■ Material supplied
[Start of section]
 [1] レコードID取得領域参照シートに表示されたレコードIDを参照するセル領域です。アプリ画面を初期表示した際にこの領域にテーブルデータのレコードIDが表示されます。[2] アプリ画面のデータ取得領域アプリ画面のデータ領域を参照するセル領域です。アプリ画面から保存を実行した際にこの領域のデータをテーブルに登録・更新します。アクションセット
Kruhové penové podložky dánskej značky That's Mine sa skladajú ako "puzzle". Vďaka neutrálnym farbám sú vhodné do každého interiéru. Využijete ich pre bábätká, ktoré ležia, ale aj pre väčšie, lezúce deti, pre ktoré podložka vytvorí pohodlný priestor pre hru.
[End of section]
[Start of section]
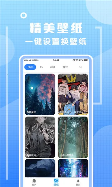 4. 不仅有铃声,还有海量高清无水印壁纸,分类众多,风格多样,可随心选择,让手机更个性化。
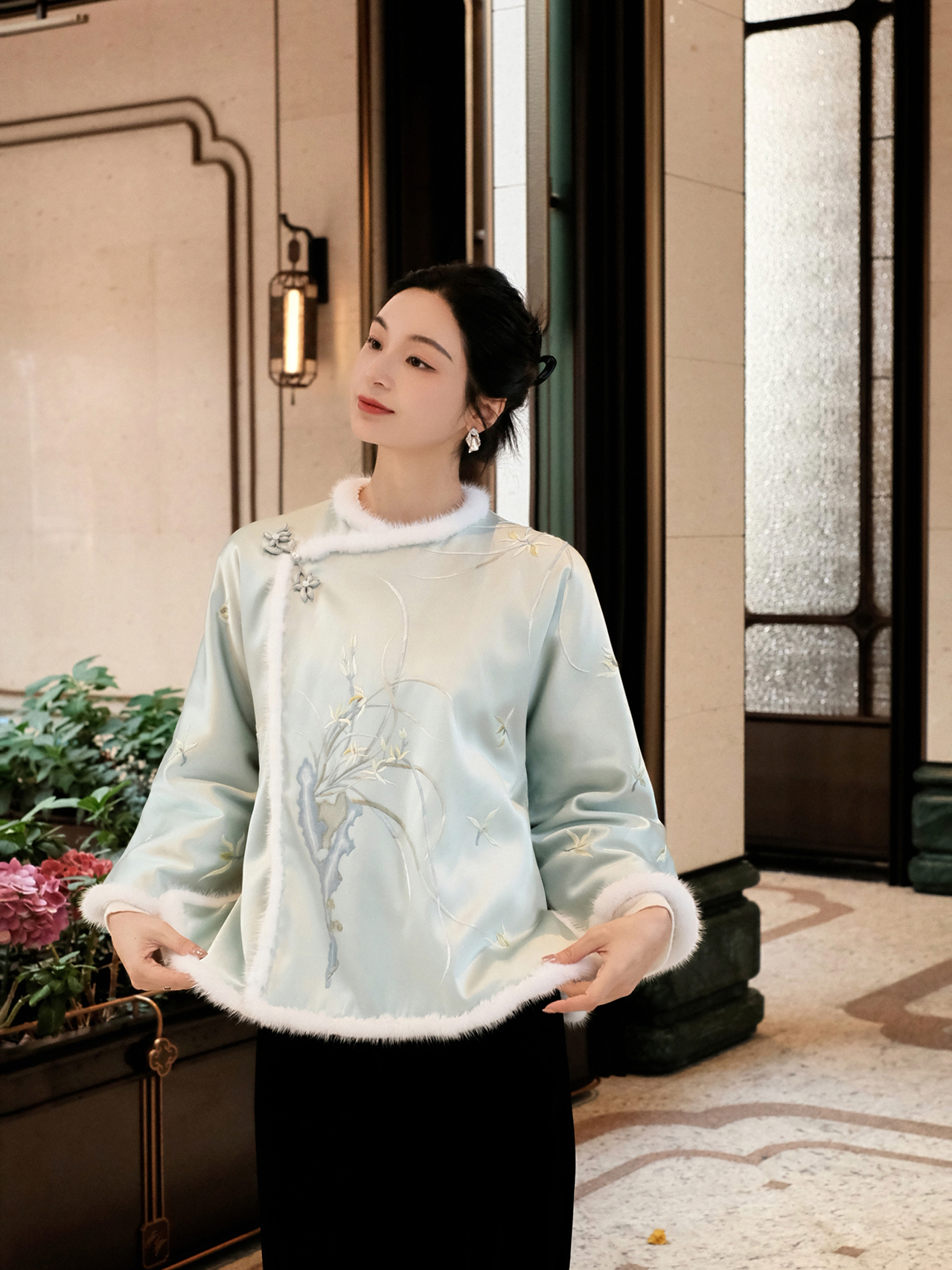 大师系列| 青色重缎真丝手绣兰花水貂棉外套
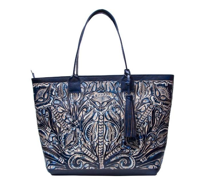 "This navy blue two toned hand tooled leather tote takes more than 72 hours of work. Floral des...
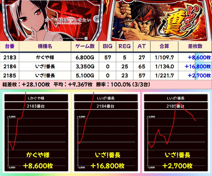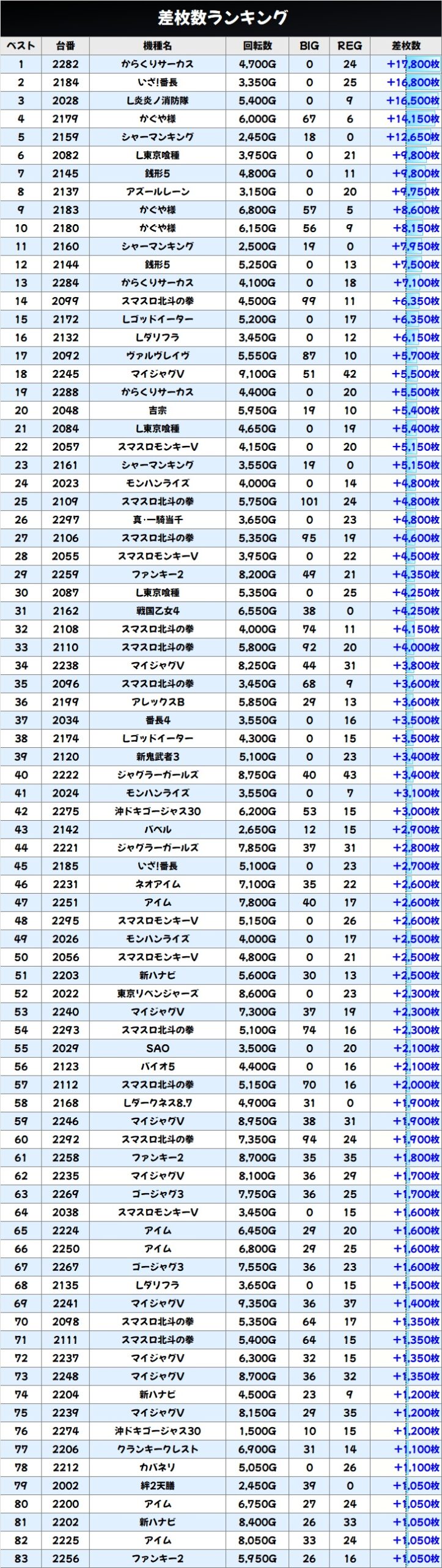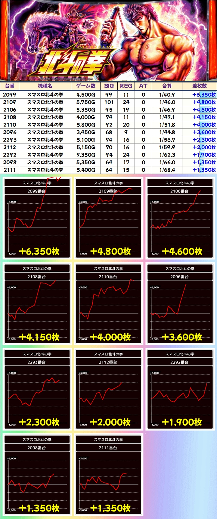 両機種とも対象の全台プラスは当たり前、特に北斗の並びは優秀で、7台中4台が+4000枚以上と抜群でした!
[End of section]
■ Work to complete
Using the data above, retype exactly the lines from the line with "大师系列| 青色重缎真丝手绣兰花水貂棉外套" to the line with "両機種とも対象の全台プラスは", inclusive. No pictures and nothing else.

■ Reply
 大师系列| 青色重缎真丝手绣兰花水貂棉外套
 "This navy blue two toned hand tooled leather tote takes more than 72 hours of work. Floral des...
 両機種とも対象の全台プラスは当たり前、特に北斗の並びは優秀で、7台中4台が+4000枚以上と抜群でした!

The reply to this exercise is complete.